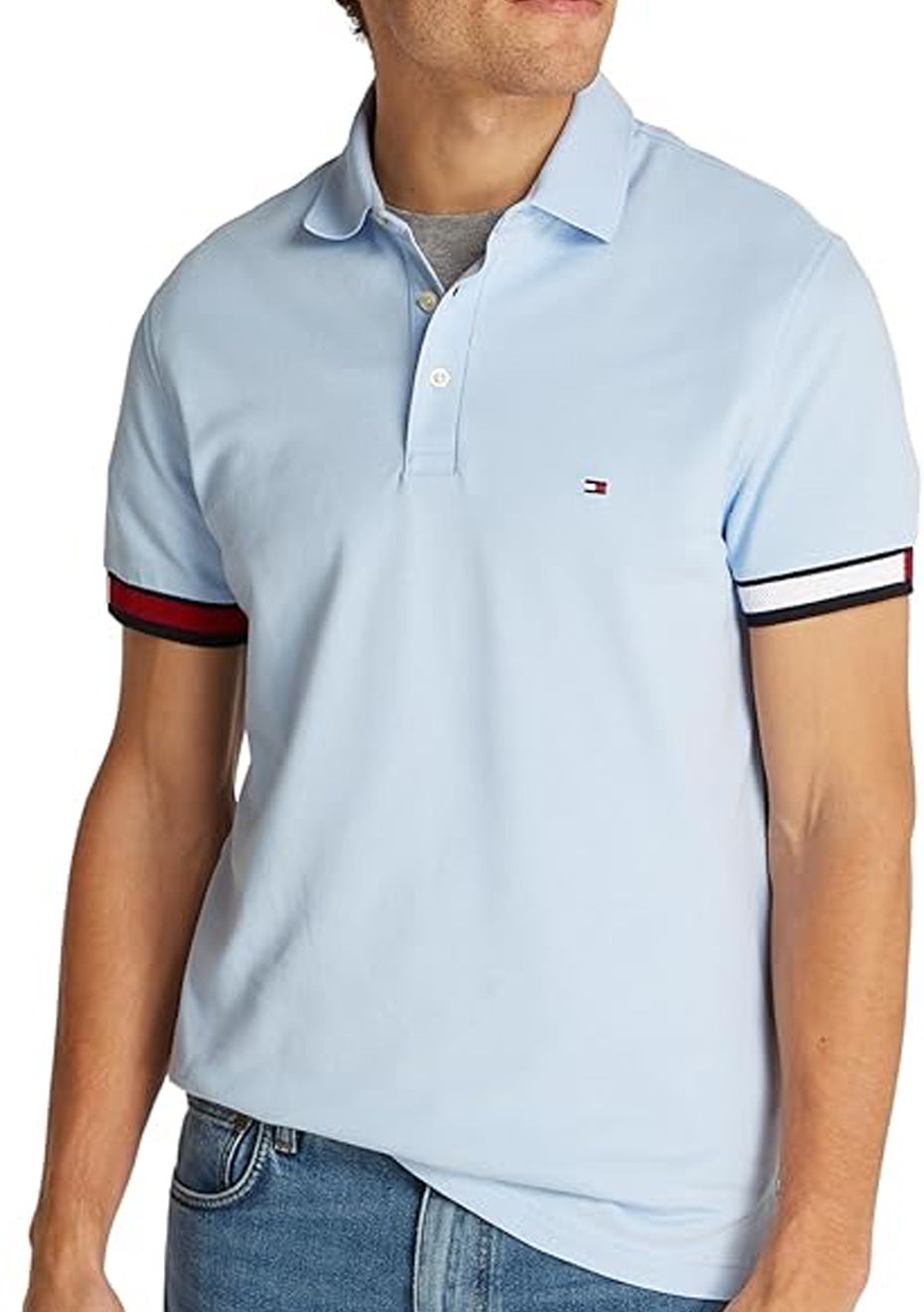 Tommy Hilfiger - Mens Flag Cuff Slim Polo - Sweet Blue
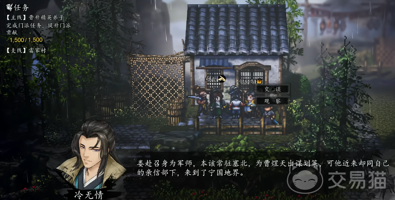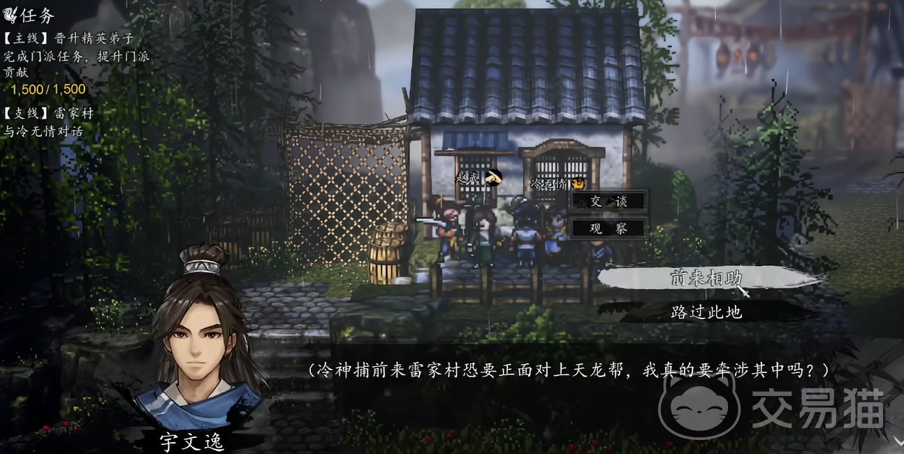抵达雷家村后,靠近冷无情自动播放剧情。对话时选择“前来协助”选项,再与张文、赵武交谈获取背景信息。切勿急于离开,务必与全村所有村民逐一互动,确保无遗漏。完成后向冷无情汇报,任务更新为前往连鼓山,同时冷无情正式加入队伍。此时若尚未与张文、赵武切磋,建议立即补全——可获得实用道具。
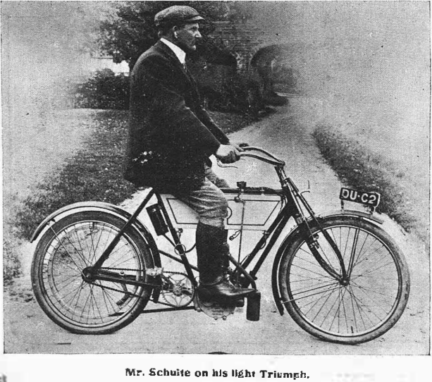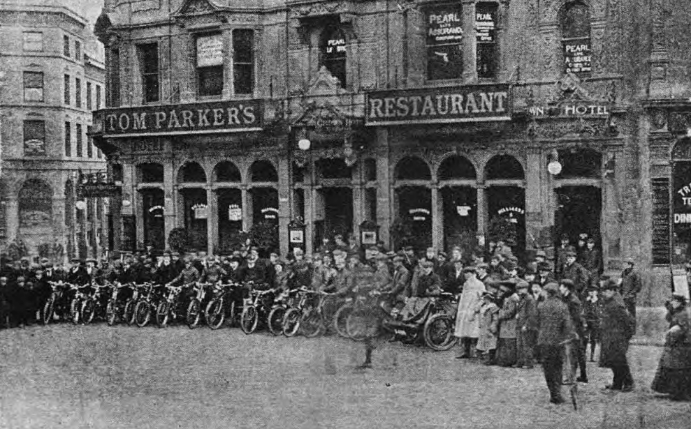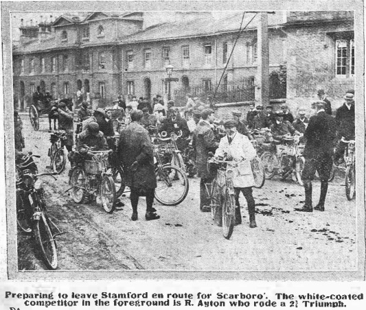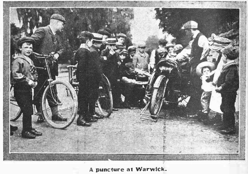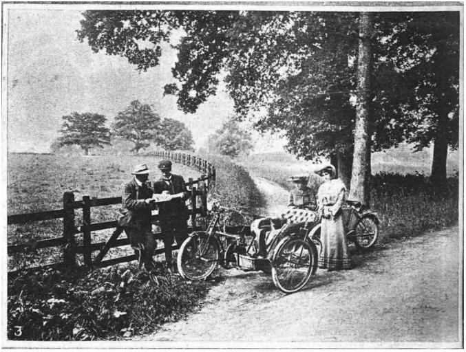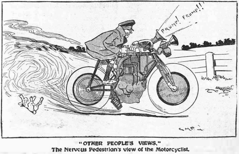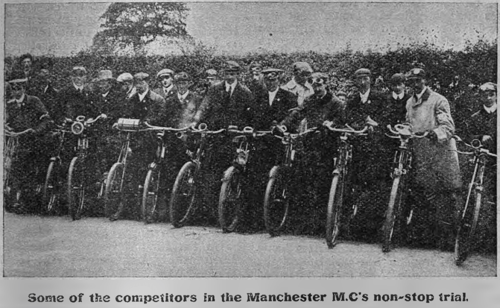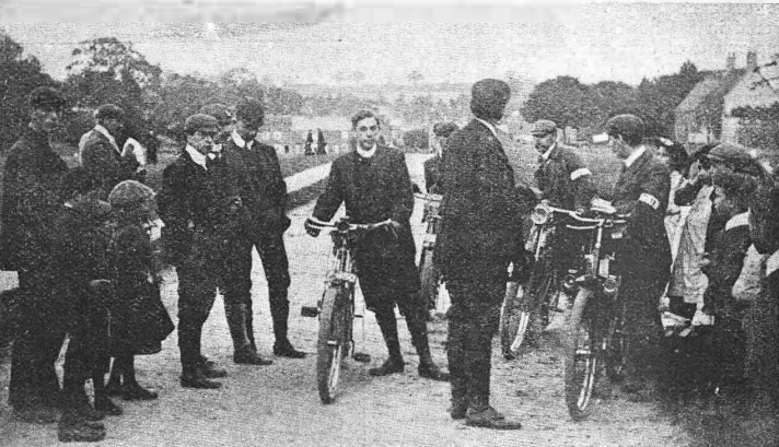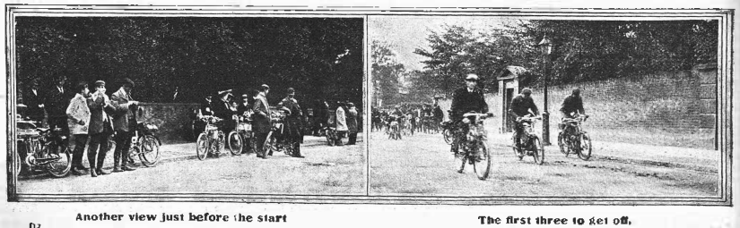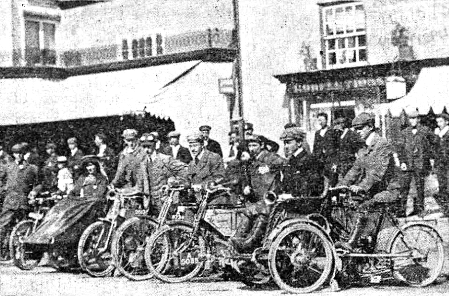 “THE SPLENDID WEATHER last week resulted in a large number of motor cycles coming out on the roads around London. Even up to the small hours the roads resounded with the merry teuf-teuf of motors large and small.”

------------------------------------------------------------

**TRY IT**
Only the text of the material belongs in your copy, which must match the original exactly.

**WRITTEN SOLUTION**
 Tommy Hilfiger - Mens Flag Cuff Slim Polo - Sweet Blue
抵达雷家村后,靠近冷无情自动播放剧情。对话时选择“前来协助”选项,再与张文、赵武交谈获取背景信息。切勿急于离开,务必与全村所有村民逐一互动,确保无遗漏。完成后向冷无情汇报,任务更新为前往连鼓山,同时冷无情正式加入队伍。此时若尚未与张文、赵武切磋,建议立即补全——可获得实用道具。
 “THE SPLENDID WEATHER last week resulted in a large number of motor cycles coming out on the roads around London. Even up to the small hours the roads resounded with the merry teuf-teuf of motors large and small.”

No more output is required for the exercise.